When it comes to delegation of authority, it is very important for a service to run normally, and the bigger the right, the greater the responsibility, the greater the liability, and the worst harm, when the privilege is compared, the error operation will cause catastrophic damage to the application, so be absolutely careful in the allocation of authority, of course, the general Enterprise, For the permission assignment is very detailed, for the same service will be divided into different operation permissions, so relatively more secure. This problem can be directly identified by the corresponding responsible person. Today we will introduce the user rights delegation under CentOS, first of all we know that CentOS (Linux) under the largest rights account is root, similar to the environment in Windows Administrator, belong to the global administrator, the service has full operational rights My environment is this, the personal habitual use of root privileges to service operations, due to recent audits, the person responsible for the root of the password changes, a new user, and the use of ordinary user login, after modifying the service can not be saved, so for the above environmental issues summed up a bit, Share to children's shoes in need.

In fact, there are many ways to assign permissions control: Today we will introduce two kinds.
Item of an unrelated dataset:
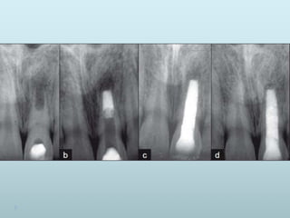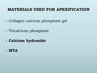 This document discusses apexification and indirect pulp capping procedures. Apexification is used to induce calcification at the open apex of an immature tooth to allow for root canal treatment. Materials used include calcium hydroxide, tricalcium phosphate, and MTA. Calcium hydroxide is placed in the canal and replaced every 3 months until radiographic evidence of apical barrier formation. MTA can also be used by placing it at the apex. Indirect pulp capping covers the deepest carious dentin with a biocompatible material like calcium hydroxide to prevent pulpal exposure while removing infected dentin, allowing for pulp preservation.
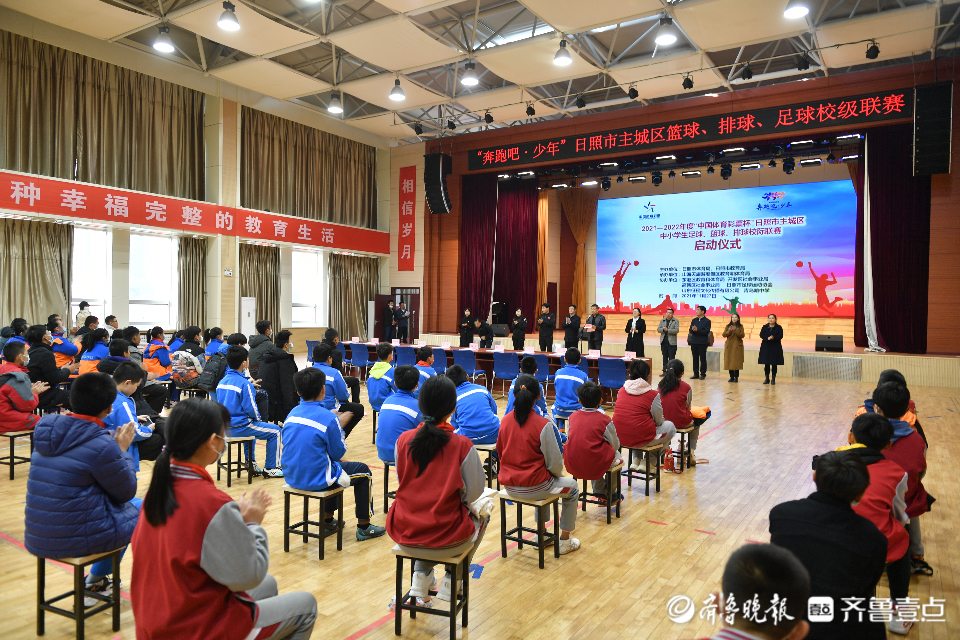 11月27日上午,“奔跑吧•少年”儿童青少年主题健身活动暨2021-2022年度“中国体育彩票杯”日照市主城区中小学生足球、篮球、排球校际联赛正式开赛。本次比赛由日照市体育局、日照市教育局主办,山海天旅游度假区教育和体育局承办,东港区教育和体育局、开发区社会事业局、高新区社会事业局、日照市足球运动协会、山东征程文化传播有限公司协办。

1. Add root permissions to new users

2. Delegate sudo permissions to new users;

We have created a new user in the environment, with the following command

Adduser Gavin--Add user Gavinpass Gavin--Set new password for Gavin users xxxxxxx Enter custom New password xxxxxxx-Input Confirm Custom new password

Then we use the Gavin user to log in and modify the Hosts file

Vim/etc/hosts

When modified, save prompts the user for an action of only ReadOnly

650) this.width=650; "title=" clip_image002 "style=" border-top:0px;border-right:0px;background-image:none; border-bottom:0px;padding-top:0px;padding-left:0px;border-left:0px;margin:0px;padding-right:0px; "border=" 0 "alt = "clip_image002" src= "http://s3.51cto.com/wyfs02/M02/7A/4E/wKioL1anLJmDyQGjAAB_REUnKWA355.jpg" height= "484"/>

vim/etc/passwd

To modify the ID value of a new user Gavin user

Note: We can see the first line, the root ID is 0

650) this.width=650; "title=" clip_image004 "style=" border-top:0px;border-right:0px;background-image:none; border-bottom:0px;padding-top:0px;padding-left:0px;border-left:0px;margin:0px;padding-right:0px; "border=" 0 "alt = "clip_image004" src= "Http://s3.51cto.com/wyfs02/M00/7A/4E/wKiom1anLFejNrhVAADhaXjfQ4s970.jpg" height= "393"/>

Change the ID of the user Gavin to 0

This way, regardless of whether you use root or the newly added user Gavin, the root message will be displayed when you log in.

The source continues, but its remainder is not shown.